About this exercise
Repeat each entry word for word; the images are not part of the copy.

______________________________

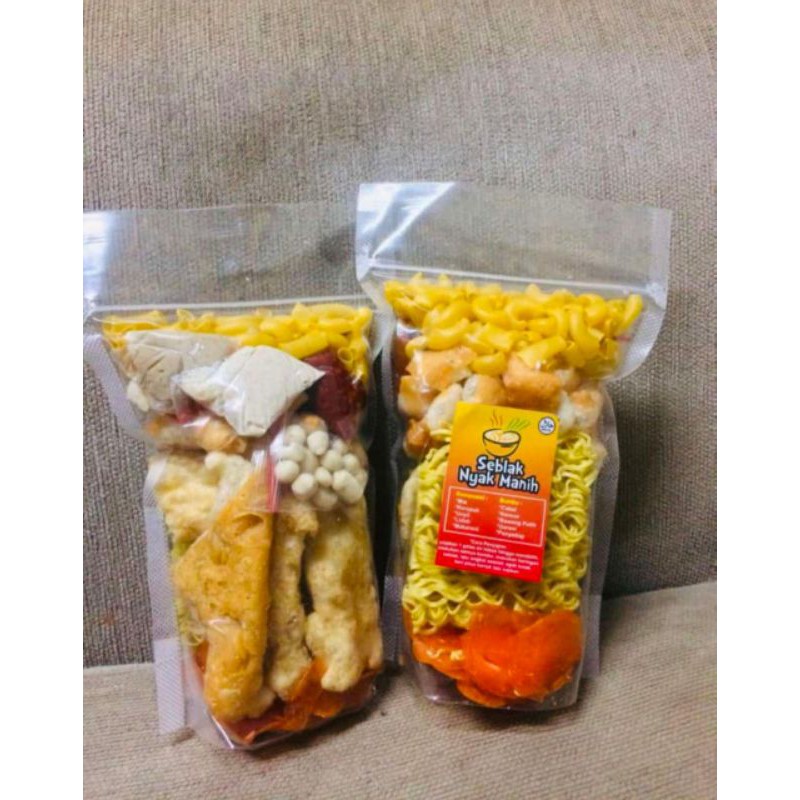 Seblak instant lengkap dengan bumbu dan bermacam topping
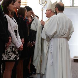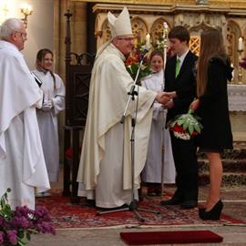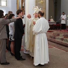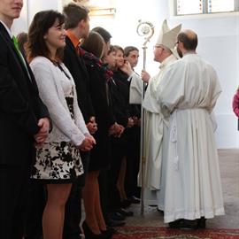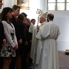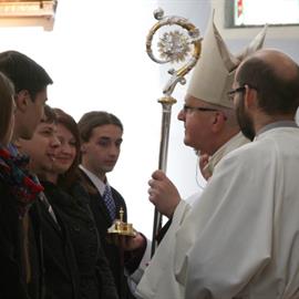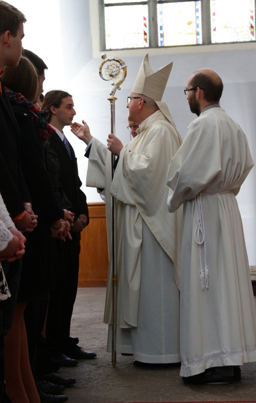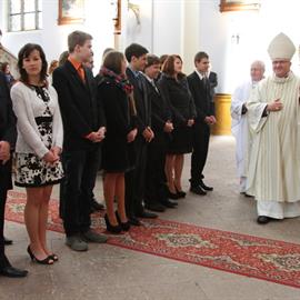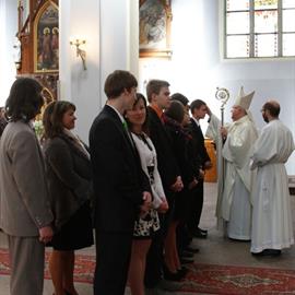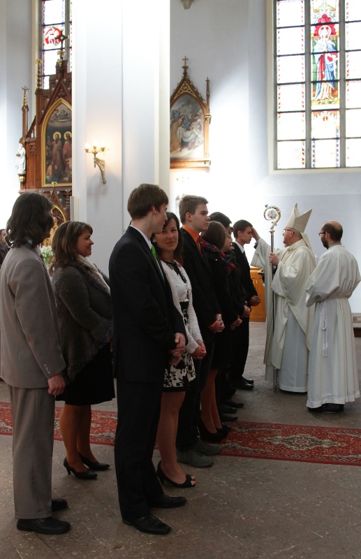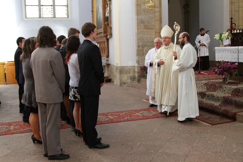 pastorační návštěva diecézního biskupa Mons. Jana Baxanta, mše svatá s udílením svátosti biřmování, 4. května 2014, kostel sv. Mikuláše, Turnov
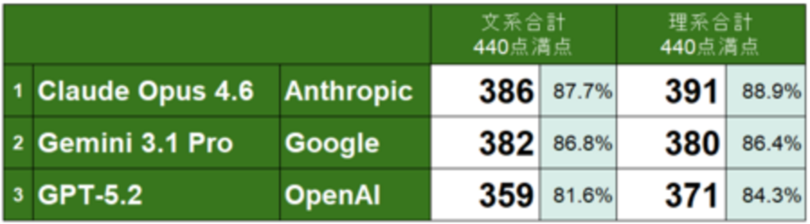 理三合格レベルも突破!! 最高得点はClaude(Opus4.6)で9割に迫る。
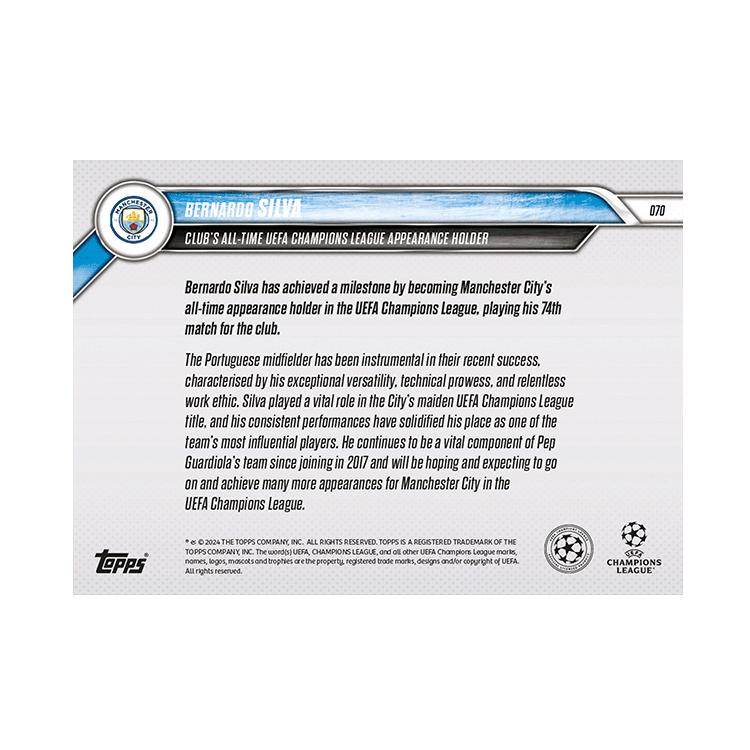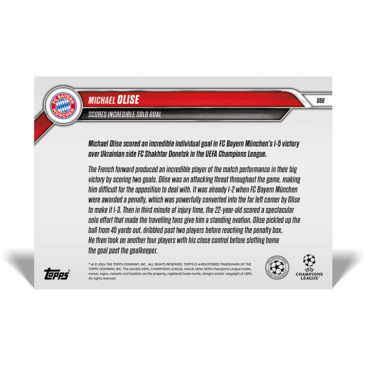 TOPPS NOW « UEFA CHAMPIONS LEAGUE 2024/25 » : visuel des cartes 063 à 071 (sixième journée des 10 et 11/12) Thierry K.21/12/202421/12/2024ACTUALITÉS, DÉCOUVERTE, EDITION LIMITÉE Navigation des articles PrécédentSuivant Partager : Imprimer(ouvre dans une nouvelle fenêtre) Imprimer Envoyer un lien par e-mail à un ami(ouvre dans une nouvelle fenêtre) E-mail Partager sur Facebook(ouvre dans une nouvelle fenêtre) Facebook Partager sur X(ouvre dans une nouvelle fenêtre) X J’aime chargement… Articles similaires
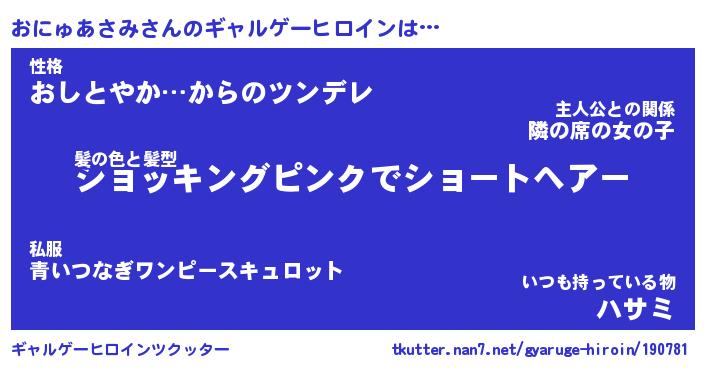 | 女子向けラノベタイトル風あだ名 | 『(仮)おにゅあさみのやんごとなき事情』 |
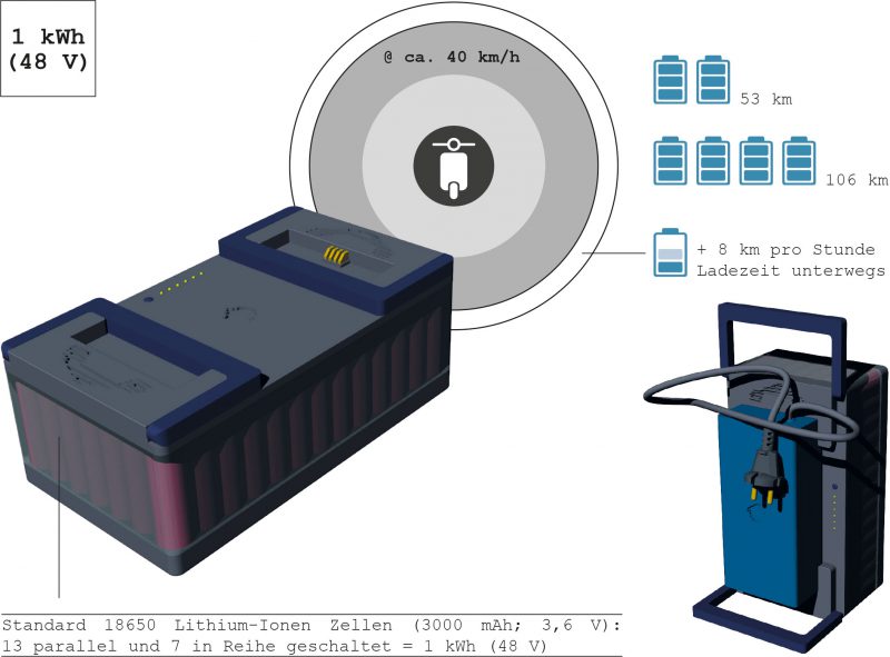 Die meisten Hersteller verbauen ihre Zellen in einem Block, wodurch dieser sehr schwer wird (13 kg wiegt bspw. der Akku des GenZe-Rollers).
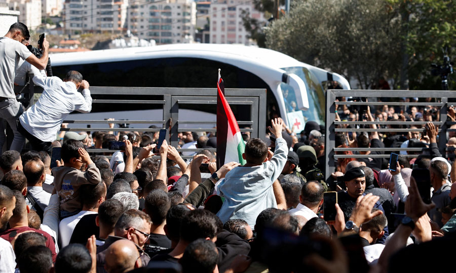 Πλήθη ανθρώπων έχουν συγκεντρωθεί έξω από το νοσοκομείο Νάσερ στη Χαν Γιούνις, στη νότια Γάζα, κρατώντας παλαιστινιακές σημαίες και φωτογραφίες συγγενών τους. Οι δρόμοι γύρω από το νοσοκομείο είναι γεμάτοι με οικογένειες που περιμένουν να αγκαλιάσουν τους δικούς τους μετά από χρόνια κράτησης.
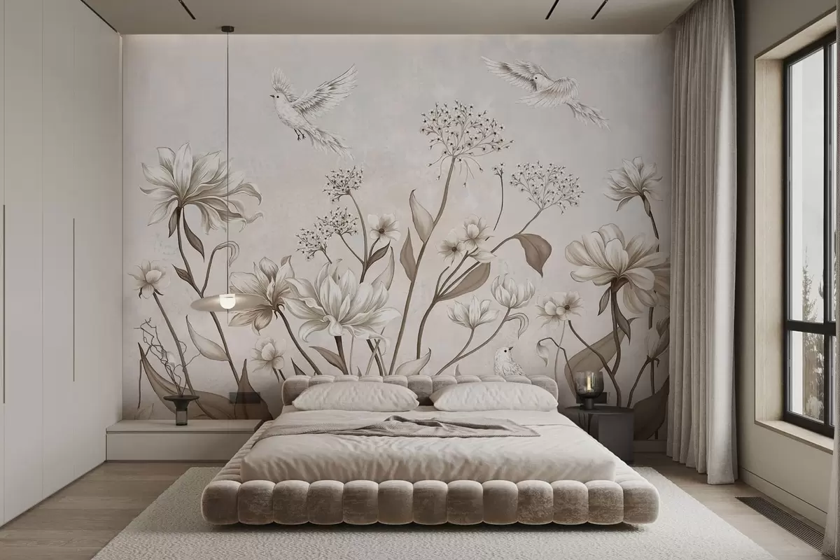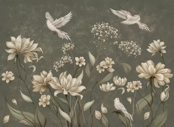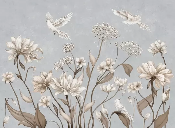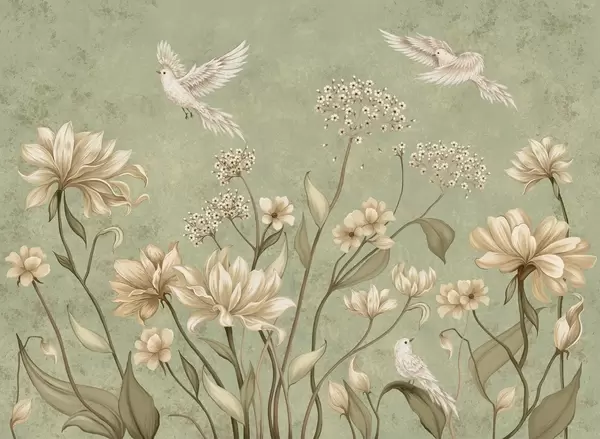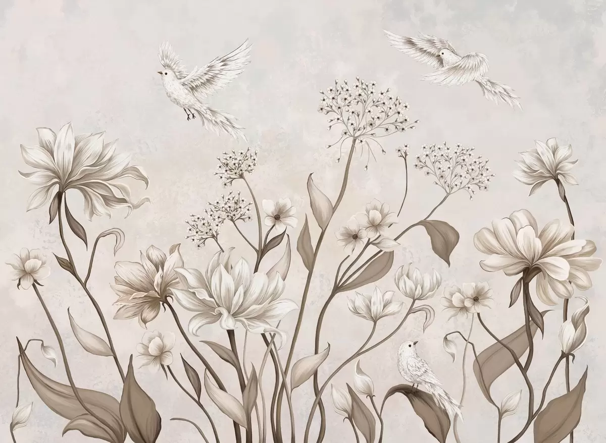 Fototapeten Helle Blumen und Vögel vor einem sanften Hintergrund N° w05118
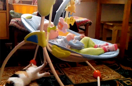 会带娃的猫咪,用爪子推摇篮荡秋千
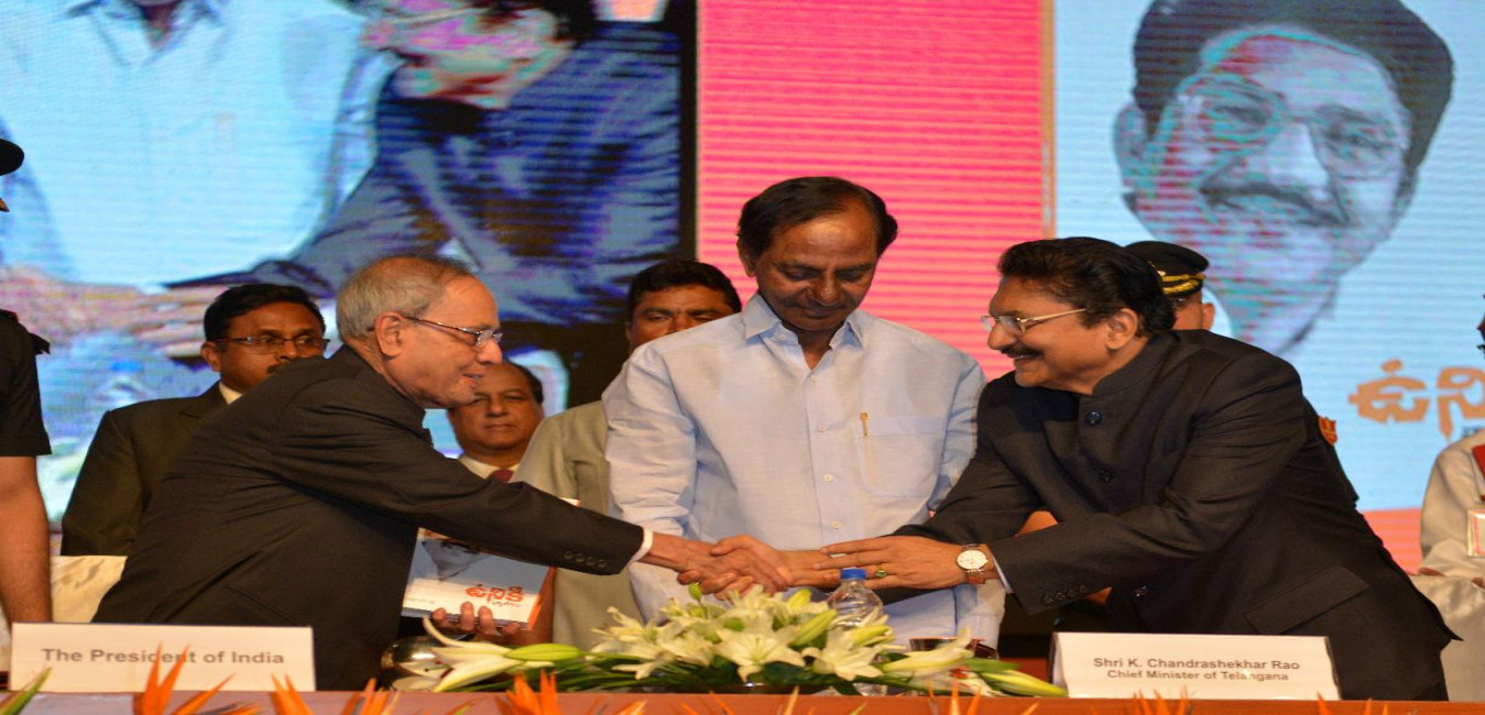 The President of India, Shri Pranab Mukherjee receiving the first copy of the book Uniki from the Chief Minister of Telangana, Shri K Chandrashekar Rao, at a function, in Hyderabad on July 03, 2015. The Governor of Maharashtra, Shri Chennamaneni Vidyasagar Rao and the Governor of Andhra Pradesh and Telangana, Shri ESL Narasimhan are also seen.

______________________________

Result
 Seblak instant lengkap dengan bumbu dan bermacam topping
 pastorační návštěva diecézního biskupa Mons. Jana Baxanta, mše svatá s udílením svátosti biřmování, 4. května 2014, kostel sv. Mikuláše, Turnov
 理三合格レベルも突破!! 最高得点はClaude(Opus4.6)で9割に迫る。
 TOPPS NOW « UEFA CHAMPIONS LEAGUE 2024/25 » : visuel des cartes 063 à 071 (sixième journée des 10 et 11/12) Thierry K.21/12/202421/12/2024ACTUALITÉS, DÉCOUVERTE, EDITION LIMITÉE Navigation des articles PrécédentSuivant Partager : Imprimer(ouvre dans une nouvelle fenêtre) Imprimer Envoyer un lien par e-mail à un ami(ouvre dans une nouvelle fenêtre) E-mail Partager sur Facebook(ouvre dans une nouvelle fenêtre) Facebook Partager sur X(ouvre dans une nouvelle fenêtre) X J’aime chargement… Articles similaires
 | 女子向けラノベタイトル風あだ名 | 『(仮)おにゅあさみのやんごとなき事情』 |
 Die meisten Hersteller verbauen ihre Zellen in einem Block, wodurch dieser sehr schwer wird (13 kg wiegt bspw. der Akku des GenZe-Rollers).
 Πλήθη ανθρώπων έχουν συγκεντρωθεί έξω από το νοσοκομείο Νάσερ στη Χαν Γιούνις, στη νότια Γάζα, κρατώντας παλαιστινιακές σημαίες και φωτογραφίες συγγενών τους. Οι δρόμοι γύρω από το νοσοκομείο είναι γεμάτοι με οικογένειες που περιμένουν να αγκαλιάσουν τους δικούς τους μετά από χρόνια κράτησης.
 Fototapeten Helle Blumen und Vögel vor einem sanften Hintergrund N° w05118
 会带娃的猫咪,用爪子推摇篮荡秋千
 The President of India, Shri Pranab Mukherjee receiving the first copy of the book Uniki from the Chief Minister of Telangana, Shri K Chandrashekar Rao, at a function, in Hyderabad on July 03, 2015. The Governor of Maharashtra, Shri Chennamaneni Vidyasagar Rao and the Governor of Andhra Pradesh and Telangana, Shri ESL Narasimhan are also seen.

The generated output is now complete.